İki rekât sünneti: Peygamber Efendimiz sabah
namazının sünnetine diğer sünnetlerden daha çok önem vermiş ve bunun
terkedilmemesini istemiştir: Düşman süvarisi kovalasa bile sabah namazının iki
rekât sünnetini terketmeyin " (Sünen-i Ebu Davud, II, 301). Bu önemden dolayıdır
ki, diğer namazların sünnetleri kaza olarak kılınamazken, sabah namazının
sünneti güneş doğduktan sonra kaza edilebilmektedir. Ancak başka bir hadiste ise
cemaat farza durduktan sonra sünnetin terkedilmesi istenerek cemaatin önemi
vurgulanıyor:" Farza kametlendikten sonra, farzdan başka namaz kılınmaz"
(Sünen-i Ebû Davud, II, 305).
Kılınışı: Namaza başlamadan önceki farzlar
yerine getirildikten sonra (maddi ve manevi pisliklerden temizlenmek, abdest
almak, avret yerlerini örtmek, kıbleye durmak) iftitah tekbiri ile namaza
başlanır. Besmele çekmeden "Sübhaneke" okunduktan sonra "euzü besmele" çekilerek
"Fatiha" suresi ve zamm-ı sure okunur. Ayaktaki bu okuyuşlardan sonra "Allahü
ekber" tekbiriyle birlikte rüküa eğilinir ve en az üç kez olmak üzere "sübhane
rabbiyel-azîm" denir. "Semiallahü limen hamideh" diyerek doğrulunur, "rabbena
lekelhamd" deyip "Allahu ekber" tekbiriyle secdeye gidilir. İki kez tekrarlanan
bu secdelerde "sübhane rabbiyel a'lâ" denir ve tekbir alınarak ikinci rekâta
kalkılır. Sadece besmele çekilerek "Fatiha" ve ardından besmelesiz zamm-ı sure
okunduktan sonra rükû ve secdeler yapılarak oturulur.
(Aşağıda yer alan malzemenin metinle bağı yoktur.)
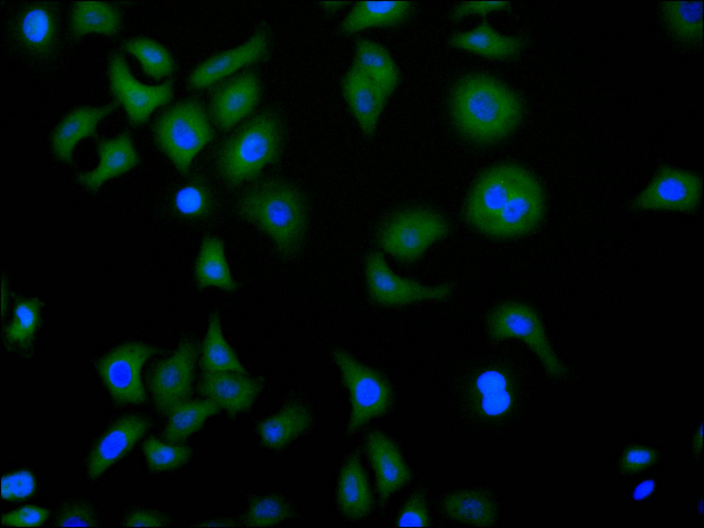 Immunofluorescence staining of A549 cell with CSB-RA005595MA2HU at 1:30 ,counter-stained with DAPI. The cells were fixed in 4% formaldehyde, permeabilized using 0.2% Triton X-100 and blocked in 10% normal Goat Serum. The cells were then incubated with the antibody overnight at 4°C. The secondary antibody was Alexa Fluor 488-congugated AffiniPure Goat Anti-Human IgG(H+L).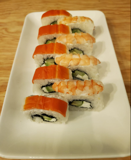 200grms de arroz, rellena de pepino,aguacte,camarones, por fuera una capa de queso philadelphia y espolvoreada de ajonjoli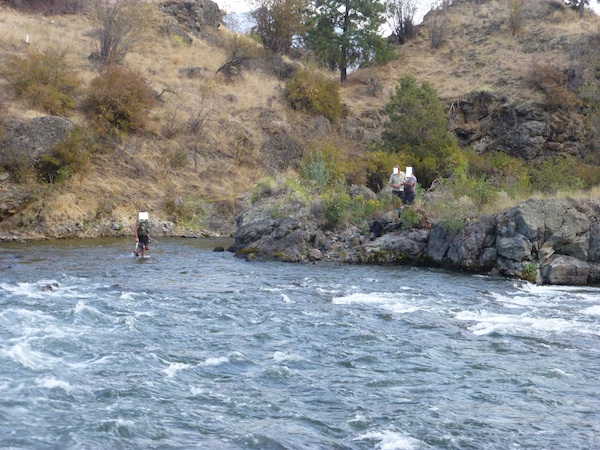 These men were camping at the Provincial Park just down the road from this ancient salmon fishing site. It used to be a Syilx camp, but then it was made an official provincial park, as part of a program of regulating camping, which sounds a lot like a program for regulating Indian camping. It used to include a picnic site, but who’s going to pay for that, so now it’s open to anyone with a tent and $21 a night to spare. Yeah, that’s a fish in the wader’s hand.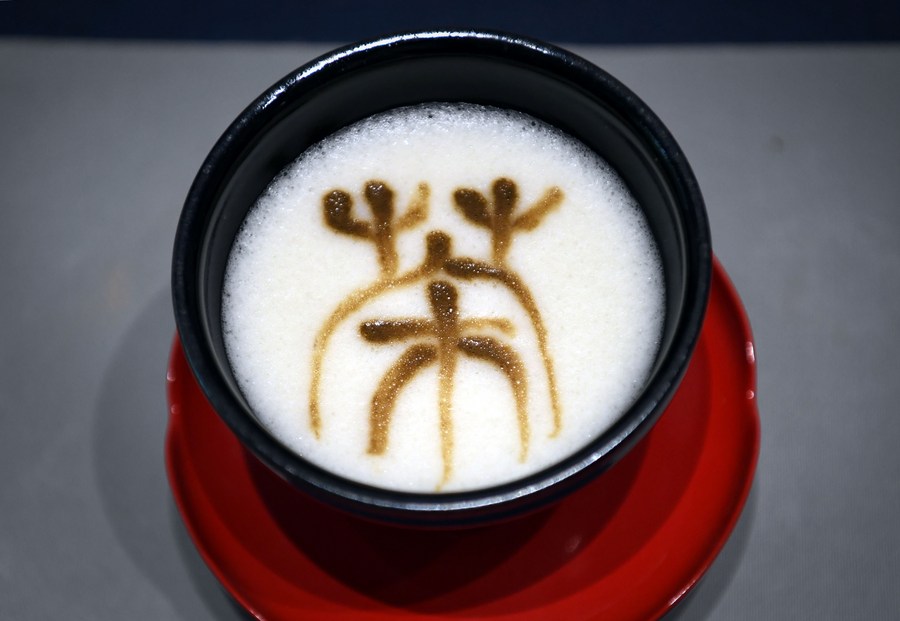 The Chinese character “cha”, which means tea, is seen atop a cup of tea in Zhengzhou, central China’s Henan Province, Jun. 22, 2022. (Photo/Xinhua)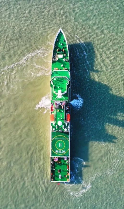 “海巡06”轮由武昌船舶重工集团有限公司建造,船长128米,型宽16米,型深7.9米,满载排水量6600吨,主推进系统总功率13920千瓦,最高航速23节,续航力10000海里,自持力60天,能够到达全球除南北极以外的所有海域。该轮能在12级风、9级海况下进行深远海巡航,在11级风、7级海况下开展海事执法活动。搭载船用北斗系统、GPS全球定位系统和多星联动的卫星通信设备,设有计算、存储和通信功能强大的网络数据中心,具有动态感知、监测预警、信息处理、综合指挥等能力,可作为独立、立体、移动的海事行政执法单元执行海上巡视、海事监管、海上交通事故调查处理和船舶污染监测等任务,也可与通信指挥车、海事巡查车、其他执法船艇、直升机、无人机以及VTS(船舶交通管理系统)、AIS(船舶自动识别系统)协同配合,是构建“陆海空天”一体化综合监管和快速反应系统的重要组成部分。

Kade-i âhire* denen bu
oturuşta "tahiyyat", "salli", "barik" ve "rabbena" duaları okunur ve ardından
"esselamü aleyküm ve rahmetullah" diyerek iki tarafa selam verilir; selamdan
sonra ise şu dua sessizce okunarak sünnet sona erer: "Allahümme ente'sselamü ve
minke's-selamü tebarekte yazel-celali vel-ikram".
Rasûlüllah sabah namazının sünnetini evlerde
kılmayı emretmiş, kendisi de böyle yapmıştır. Sünnet kılındıktan sonra bir süre
yatmak veya oturup eşiyle veya ailenin diğer fertleriyle konuşmak
Peygamberimizin bir sünnetidir. Hz. Aişe (r.anha)'nın konuyla ilgili
rivayetlerinden biri şöyledir: "Peygamber (s.a.s) sabahın iki rekât sünnetini
kıldığı vakit ben uyanmamışsam o da yatardı. Eğer o vakit uyanmış olursam
benimle konuşurdu" (Sünen-i Ebu Davud, II, 304).
Farzı: Sabah namazının farzını cemaatle
kılmak, diğer namazlara nazaran daha faziletlidir. Rasûlüllah buyuruyor ki:
"Münafıklara sabah ile yatsı namazlarından daha ağır gelen hiç bir namaz yoktur.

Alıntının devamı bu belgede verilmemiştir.